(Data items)
# # # # # # #

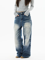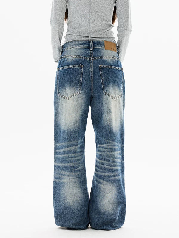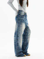 جينز واسع الساق بتصميم متهالك ومغسول بشكل عتيق
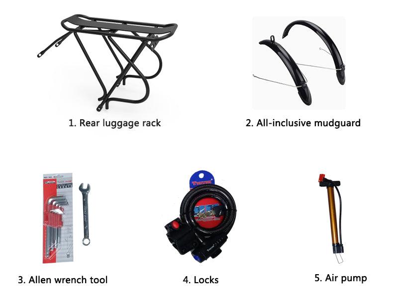 Durch die Verwendung einer Vorderradgabel mit doppeltem Ölfederstoßdämpfer wird dem Fahrer bei holpriger Fahrt ein noch komfortableres Fahrgefühl geboten. Der große Raddurchmesser von 20 Zoll ist durch Schlaglöcher und unbefestigte Straßen abgedeckt, sodass Bremsschwellen problemlos überwunden werden können. Die Reifenbreite beträgt 6 Zentimeter und bietet Rutschfestigkeit und Stoßfestigkeit bei größerer Spannweite.
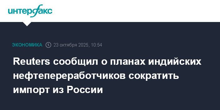 Москва. 23 октября. INTERFAX.RU - Индийские нефтепереработчики готовятся резко сократить импорт нефти из России после новых санкций США против двух крупнейших российских нефтяных компаний - "Роснефти" и "ЛУКОЙЛа", сообщает Reuters со ссылкой на источники.
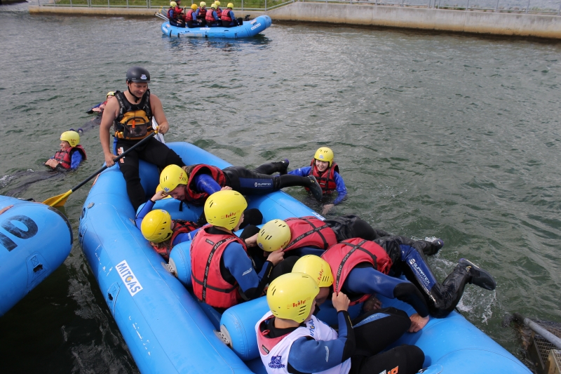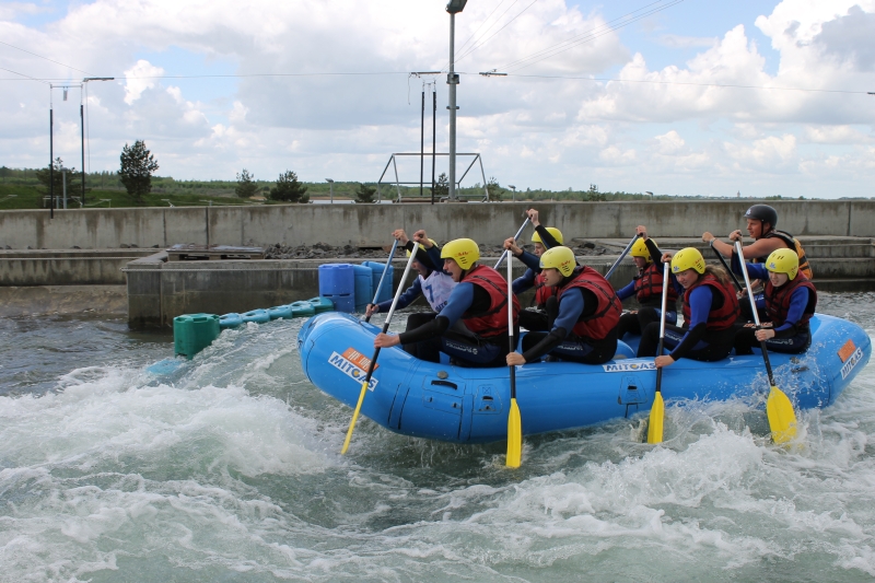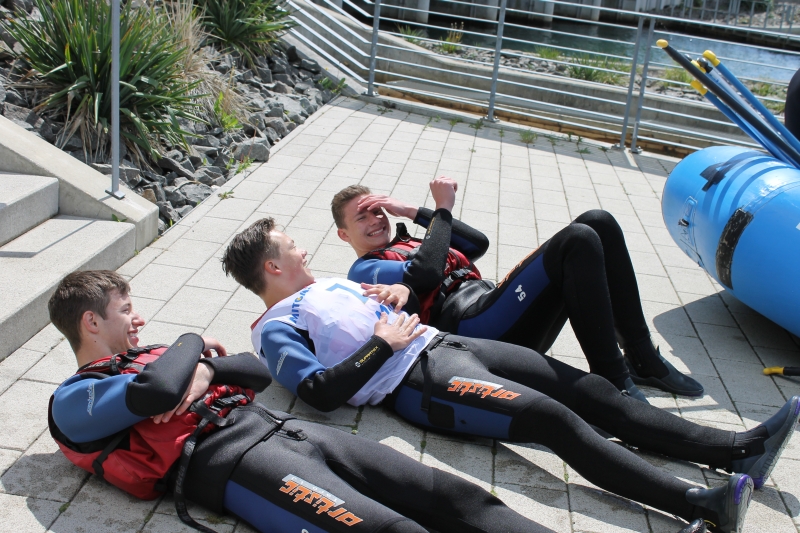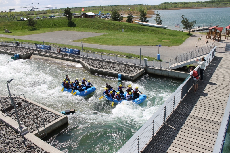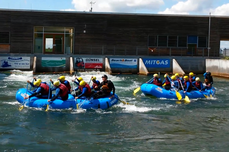 Am Donnerstag, 7. Mai 2015, fuhr zum ersten Mal eine „Raftbesatzung“ unseres Gymnasiums zu den Mitteldeutschen Schülermeisterschaften der 8. und 9. Klassen in den Kanupark nach Markkleeberg. Diese Schüler- Rafting- Meisterschaft findet bereits zum siebenten Mal statt und es starten in diesem Jahr insgesamt 60 Schulteams aus Sachsen, Sachsen-Anhalt und Thüringen. Nur wer die Vorausscheide gewinnt, darf am Finale der „Top 12“ am 09.06.2015 nochmals antreten. Was sollten wir von unserer Premiere in der Qualifikation gegen sieben andere Teams erwarten, von denen nur zwei ins Finale einrücken konnten? Hatten wir überhaupt eine Chance im Vorderfeld zu landen? Die Aufregung unseres Teams mit Ayleen Quaas, Lisa-Marie Albrecht, Tara Müller, Felix Schirmer, Paul Freyer, Maurice Geenen und Tim Müller war dementsprechend hoch. Vorerfahrung hatte keiner von uns! Unser betreuender Sportlehrer Herr S. Müller legte deshalb das Motto fest: in diese aktive und erlebnisreiche Sportart hineinzuschnuppern, als Team aufzutreten, den Sporttag zu genießen und trotzdem bis an die eigenen sportlichen Grenzen zu gehen, um ein bestmögliches Ergebnis zu erzielen.
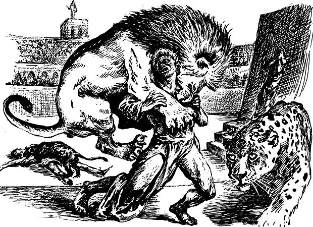 Словом, в армии царила анархия, в империи – хаос, потому что, покупая власть за деньги, цезари, как правило, не знали, что им делать с этой властью. Так, император Север Антонин Август по прозвищу Каракалла (198–217 гг.) начал свое правление с убийства родного брата и двадцати тысяч его сторонников. Прозвище «Каракалла» он получил из-за длинного варварского плаща, который носил, – он и был настоящий варвар, отупевший от войны и охоты. Больше всего он любил загонять кабанов и мог один на один расправиться со зверем. Во дворце Каракалла держал львов, чтобы не ходить далеко, если вдруг захочется сразиться с ними. Имелся среди них и любимец, которого правитель усаживал рядом с собой за стол и даже укладывал в кровать.
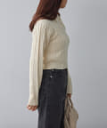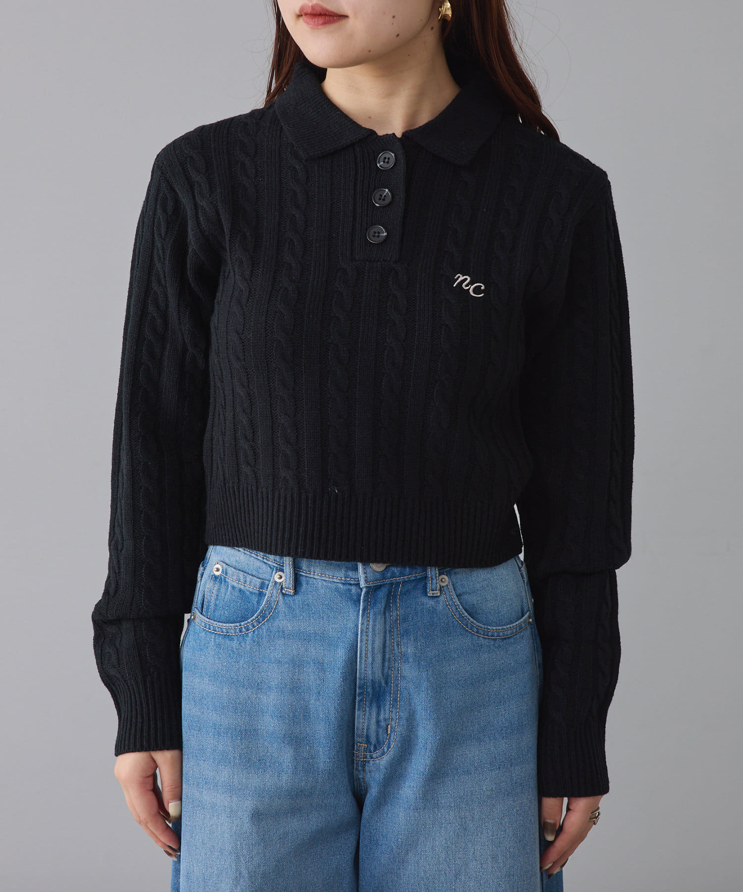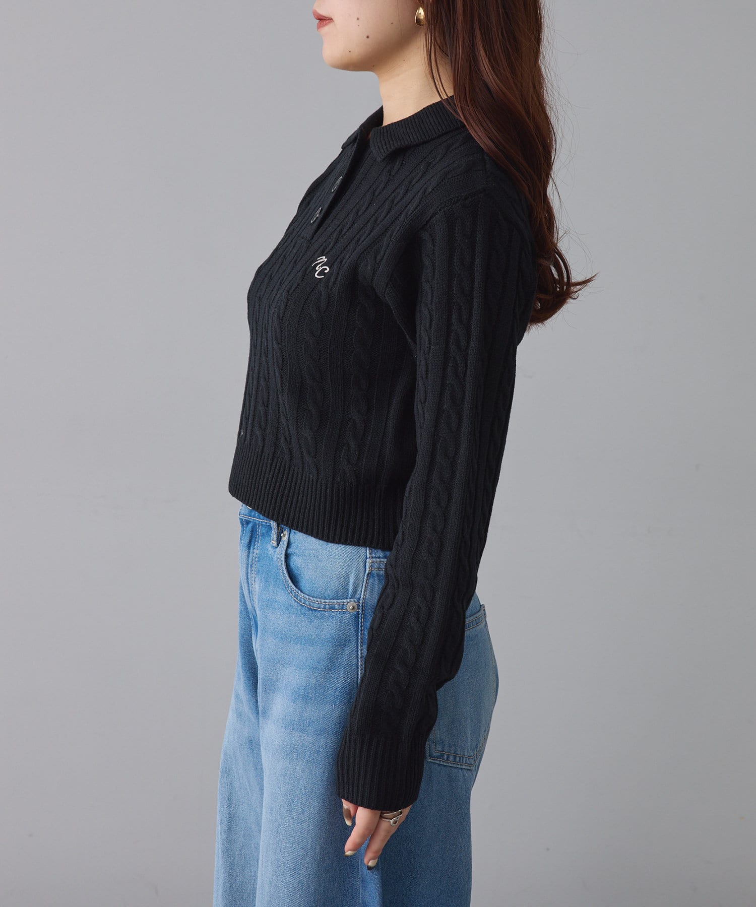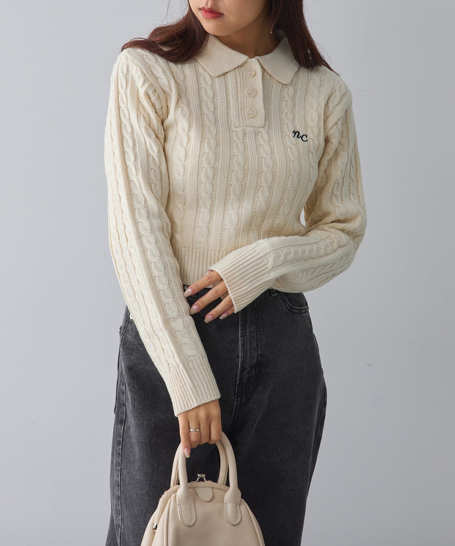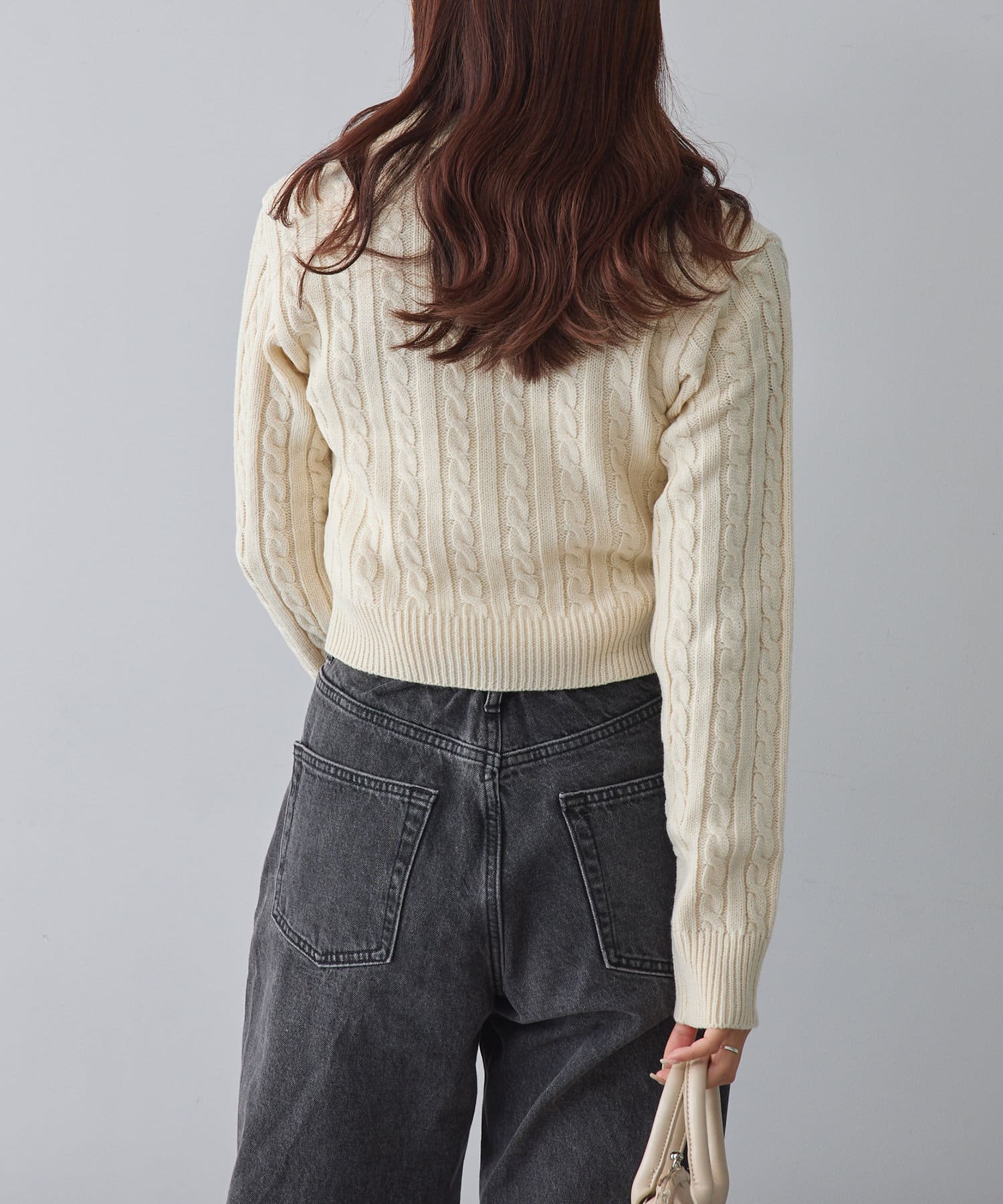 ・存在感のあるケーブルニットをショート丈のポロニットトップスに
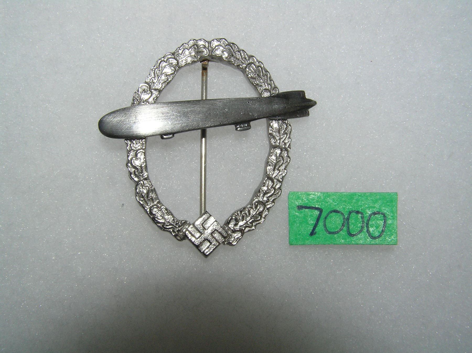 German air ship badge silver colored Zepplin WWII style high quality reproduction collectors, re-enactors,historical or theatrical collectors piece est. value $80.00-$100.00
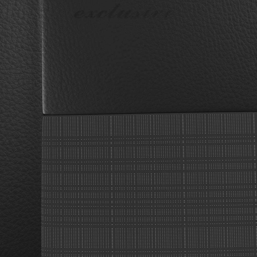 - Les housses sont faites de cuir artificiel de haute qualité dans la partie latérale et de tissus de revêtement de la plus haute qualité dans leur partie centrale.
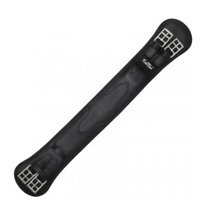 Практичная выездковая подпруга, сделанная из высококачественной телячьей кожи с мягкой подкладкой и ластичной резинкой с одной стороны. Пряжки из нержавеющей стали с роллерами обеспечивают легкое подтягивание подпруги, а части подпруги под пряжками защищают лошадь от натираний. Цвет черный.
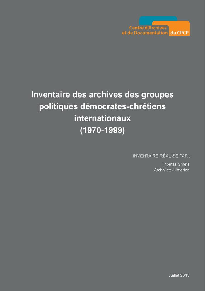 Ce fonds se compose de documents s’étalant sur une période allant de 1970 à 1999. La majorité des documents d’archives concernent les réunions des grandes structures décisionnelles des différents groupes politiques démocrates-chrétiens internationaux (Congrès, Comités politiques, Bureaux politiques…) et par conséquent les documents qui y sont attachés (Procès-verbaux, notes, rapports, documents de travail…). Par ailleurs, dans le cas du PPE et de l’UEDC, on retrouve des documents d’archives en lien avec des groupes de travail, des colloques et des journées d’études.
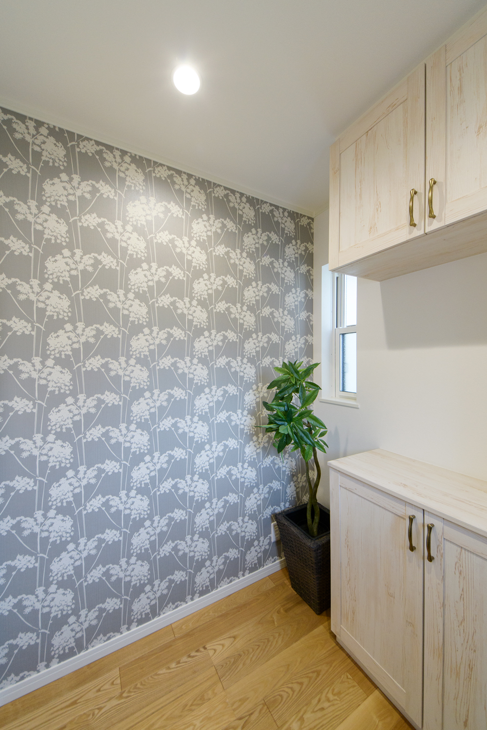 玄関を開けると視界に入るアクセントクロス。ニュートラルカラーの空間に優しさを添える北欧調の植物モチーフデザインです。
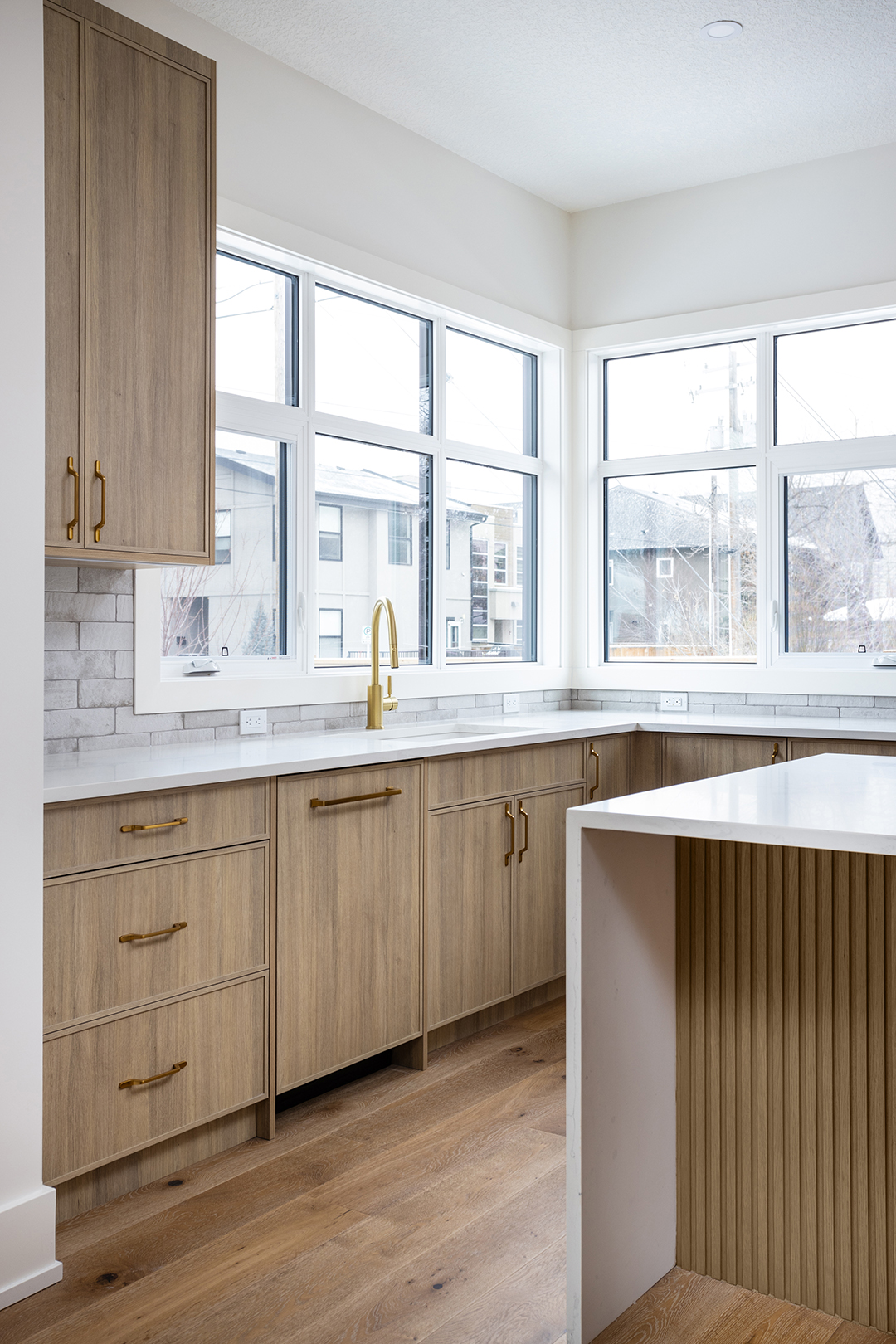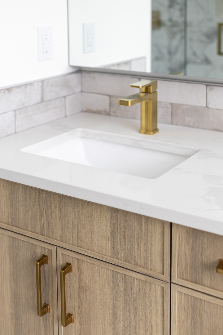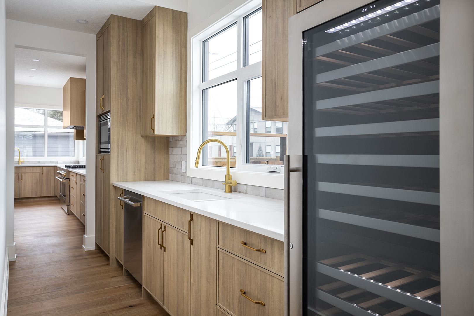 - Color Palette and Textures: The kitchen features a neutral color palette, highlighted by the natural wood tones and complemented by gold hardware, adding a touch of luxury. The crisp white countertops and backsplash provide a bright, clean look that contrasts beautifully with the wooden elements.
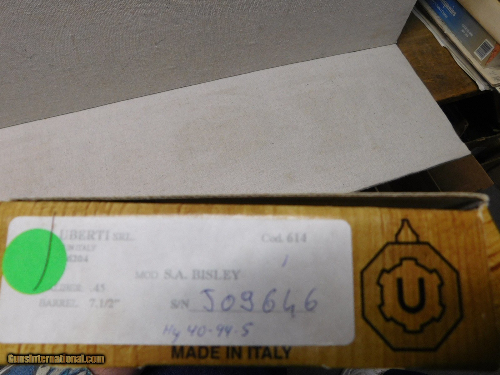 Description: Navy Arms\Uberti, Colt SAA Bisley,45LC,7-1\2" Barrel,Blue with CC Frame, New Unfired in Box!!' Store hours Thurs-Fri-10AM-8PM Sat-9AM-12PM All Other times please leave a message,Thank You! No California Sales Lower 48 State Sales only Pa. Residents 6% Sales Tax applicable Shipping $ 35.00 SOLD Manufacturer: Uberti Model: SAA Bisley Serial Number: J09646 Barrel Length: 7-1\2 |

# # # # # # #

* _Directions_
Every line from the top of the entries through the line that holds "Durch die Verwendung" is to be quoted exactly, please, and nothing else; omit the pictures.

* _Response to this task_
 جينز واسع الساق بتصميم متهالك ومغسول بشكل عتيق
 Durch die Verwendung einer Vorderradgabel mit doppeltem Ölfederstoßdämpfer wird dem Fahrer bei holpriger Fahrt ein noch komfortableres Fahrgefühl geboten. Der große Raddurchmesser von 20 Zoll ist durch Schlaglöcher und unbefestigte Straßen abgedeckt, sodass Bremsschwellen problemlos überwunden werden können. Die Reifenbreite beträgt 6 Zentimeter und bietet Rutschfestigkeit und Stoßfestigkeit bei größerer Spannweite.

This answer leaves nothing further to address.